My new book, “Sgt. Rodney M. Davis: The Making of a Hero,” is a factual account of the life, death and enduring legacy of Macon, Georgia’s lone Medal of Honor recipient following that fateful afternoon in Vietnam’s Que Son Valley in which his company of 200 Marines desperately tried to withstand an onslaught by an NVA force estimated to have 2,500 men during one of the nastiest fights of the entire Vietnam War.

A member of the 1st Battalion, 5th Marine Regiment, Davis served as a right guide in 2nd Platoon, Bravo Company. His platoon listed 48 men at the start of Operation Swift, including two machine gunners, a two-man sniper team and a forward artillery observer. Just 11 remained by the time major combat operations concluded on Sept. 6, the rest either having been killed or wounded seriously enough to warrant a medevac out.
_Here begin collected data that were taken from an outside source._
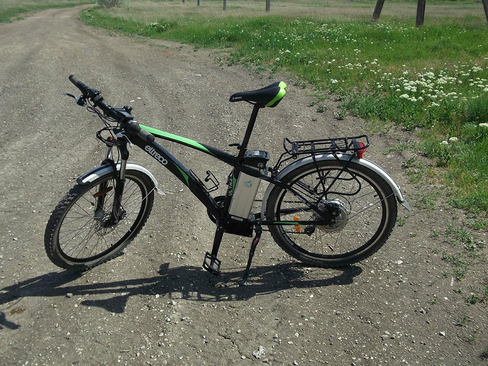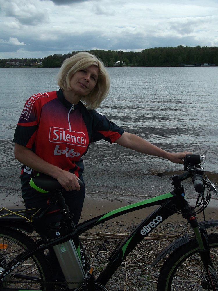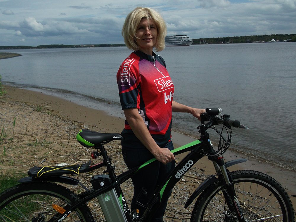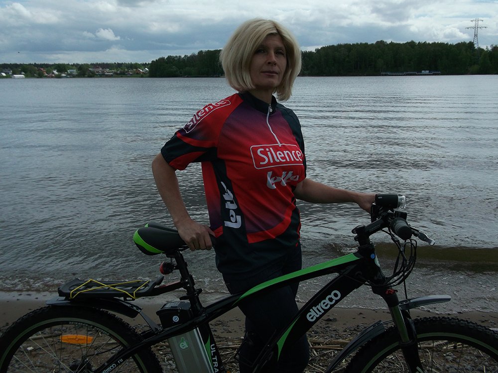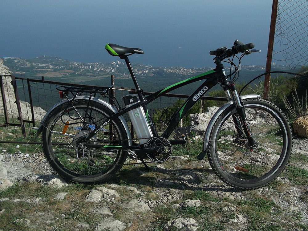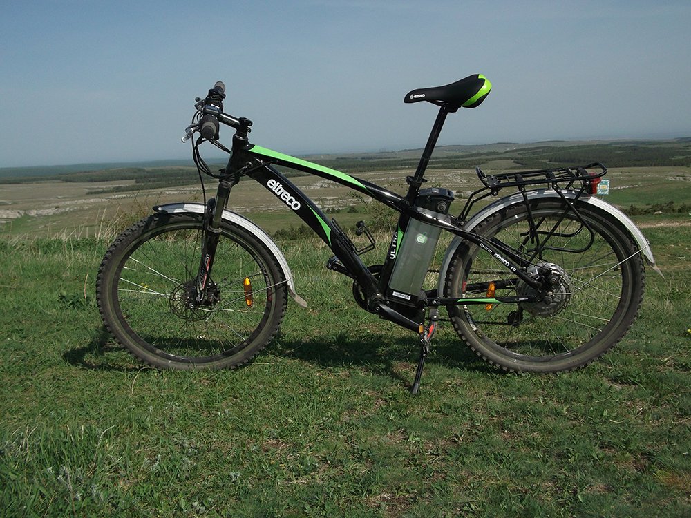 Здравствуйте! Я Петрова Ольга Николаевна, владелец электровелосипеда, представленного мне для теста в конце апреля 2012 года. Имея дачу на крымском побережье Чёрного моря в районе Алушты мне часто приходилось спускаться к морю из своего поселка на простом горном велосипеде. Постоянно поднимаясь семь километров в горы после купания, решила немного облегчить себе жизнь, узнав из интернета об электровелосипедах от компании Ельтреко. Выбор пал на модель Ultra EX. К стандартной комплектации я попросила добавить легкосъёмные крылья и багажник на подседельную трубу как на модели Ultra GT. Такой переделкой я убила двух зайцев, сделав его более универсальным, пригодным выполнять больше задач.
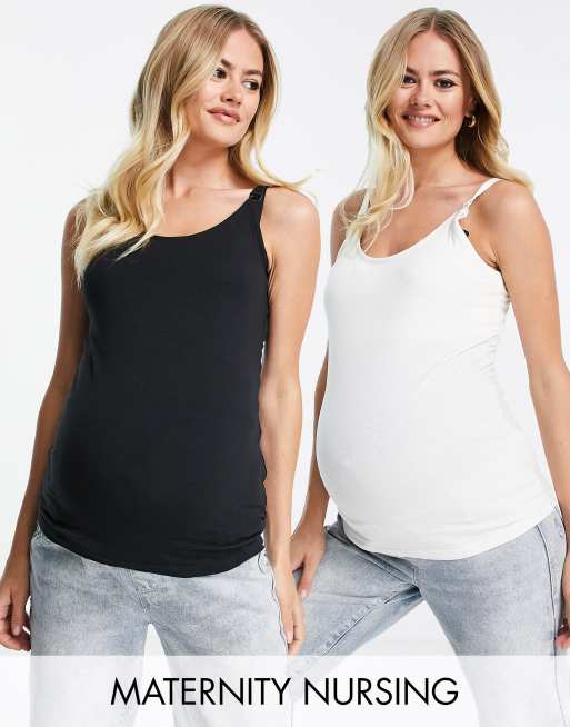 Mamalicious Maternity - Pakke med to cami-toppe til amning i sort og hvid
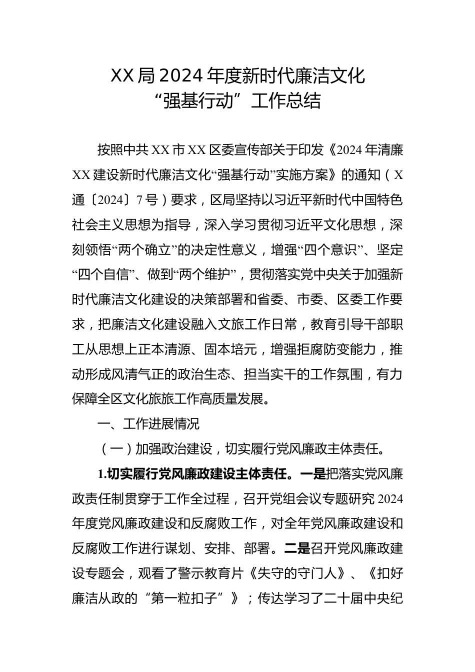 XX局2024年度新時(shí)代廉潔文化“強(qiáng)基行動(dòng)”工作總結(jié)按照中共XX市XX區(qū)委宣傳部關(guān)于印發(fā)《2024年清廉XX建設(shè)新時(shí)代廉潔文化“強(qiáng)基行動(dòng)”實(shí)施方案》的通知(X通〔2024〕7號(hào))要求,區(qū)局堅(jiān)持以習(xí)近平新時(shí)代中國(guó)特色社會(huì)主義思想為指導(dǎo),深入學(xué)習(xí)貫徹習(xí)近平文化思想,深刻領(lǐng)悟“兩個(gè)確立”的決定性意義,增強(qiáng)“四個(gè)意識(shí)”、堅(jiān)定“四個(gè)自信”、做到“兩個(gè)維護(hù)”,貫徹落實(shí)黨中央關(guān)于加強(qiáng)新時(shí)代廉潔文化建設(shè)的決策部署和省委、市委、區(qū)委工作要求,把廉潔文化建設(shè)融入文旅工作日常,教育引導(dǎo)干部職工從思想上正本清源、固本培元,增強(qiáng)拒腐防變能力,推動(dòng)形成風(fēng)清氣正的政治生態(tài)、擔(dān)...
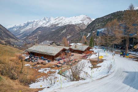 Cityscape Scenery View of Zermatt City, Switzerland. Swiss Village Culture and Architecture Along The Alpine. Beautiful Landscape Old Town With Mountain Alps of Zermatt City. Europe Travel/Vacation
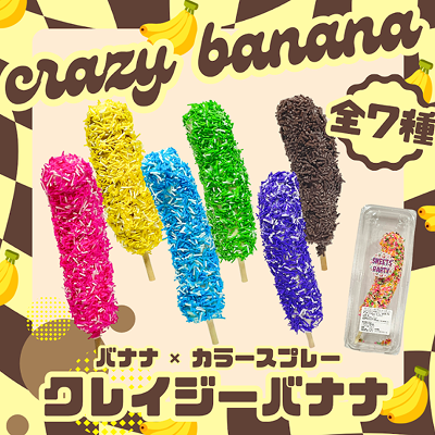 人気ランキング5位は、見た目も楽しいクレイジーバナナ。視覚的なインパクトと手軽な美味しさで人気を集めています。新鮮なバナナを丸ごと一本使用し、濃厚なチョコレートでコーティング。その上からカラフルなカラーチョコスプレーを贅沢にまぶしました。全7種類の個性豊かなカラーバリエーションは、選ぶ楽しさを提供し、パーティーやお祭り気分を盛り上げます。
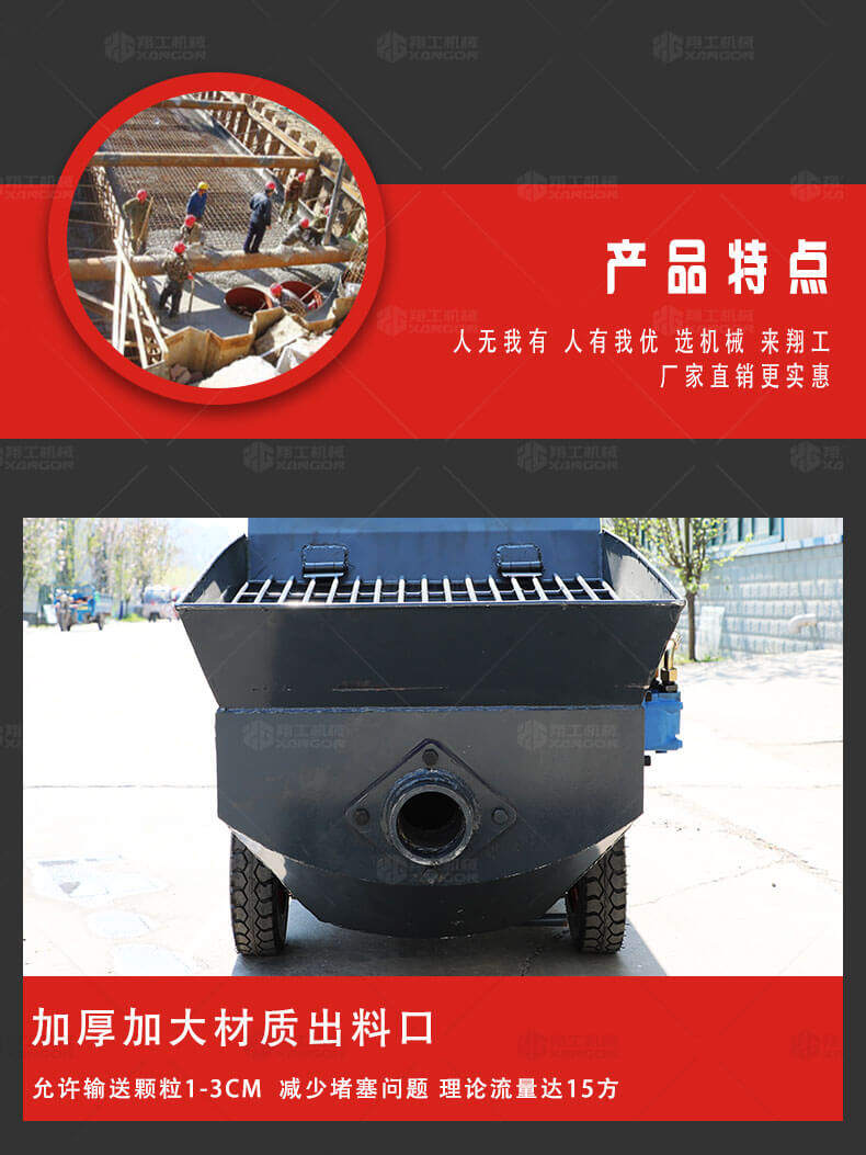 这款30KW浇筑泵优势多多,性能可靠,设备各个结构制造科学,电机功率大、性能稳定、施工效率高等优势,使用电动浇筑泵大大提高了施工效率,降低劳动强度,节约人工,被广泛应用。是工程施工的好帮手。
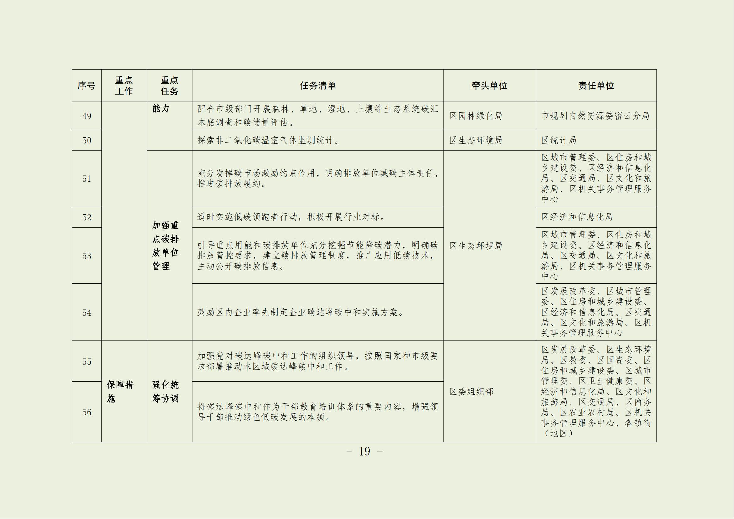 18.压实目标责任。按照国家和本市碳排放双控安排部署,严格落实节能降碳目标责任评价考核任务,科学分配区级考核指标,逐级分解重点单位的跟踪监管任务,研究制定区级工作方案。将碳达峰碳中和相关指标纳入经济社会发展综合评价体系,把碳达峰碳中和建设工作实绩作为干部综合考核的重要内容。

Of those 11, eight later received Purple Hearts for gunshot and/or shrapnel wounds suffered during combat.

The time of his death in 1967 was one of the most volatile in U.S. domestic history, with Davis and other African-Americans ironically still being denied at home the very liberties they were fighting to defend thousands of miles away in Southeast Asia. More than 150 U.S. cities experienced costly and equally-as-destructive race riots that summer, and Jim Crow remained the law of the land in Davis’ hometown of Macon, Georgia as America slipped closer to anarchy than at any time since the Civil War.

That Davis still chose to jump onto an enemy grenade at the critical moment and sacrifice his own life for the lives of five fellow Marines who just happened to be white speaks volumes about Davis, his principles and his unflinching courage even in the face of certain death. It takes a special man to fight for a country that has denied him full rights as a citizen, a more extraordinary one still to willingly lay down his own life for that country.

Davis, however, didn’t care about color. The Marines sharing that trench with him were ALL his brothers, and he was no stranger to looking out after his own after coming of age in the Jim Crow South. Color had always been a contentious issue there, but it had no place along Vietnam’s frontlines, where each man depended on one another for survival no matter their race. Davis would do anything for the four siblings with whom he grew up, and would do no less for his new Marine brothers in Vietnam. He died as nobly as he lived.

Davis is one of only 88 African-Americans ever awarded the Medal of Honor and is honored at both the National Museum of the Marine Corps in Triangle, VA and the National Museum of African American History and Culture in Washington, D.C.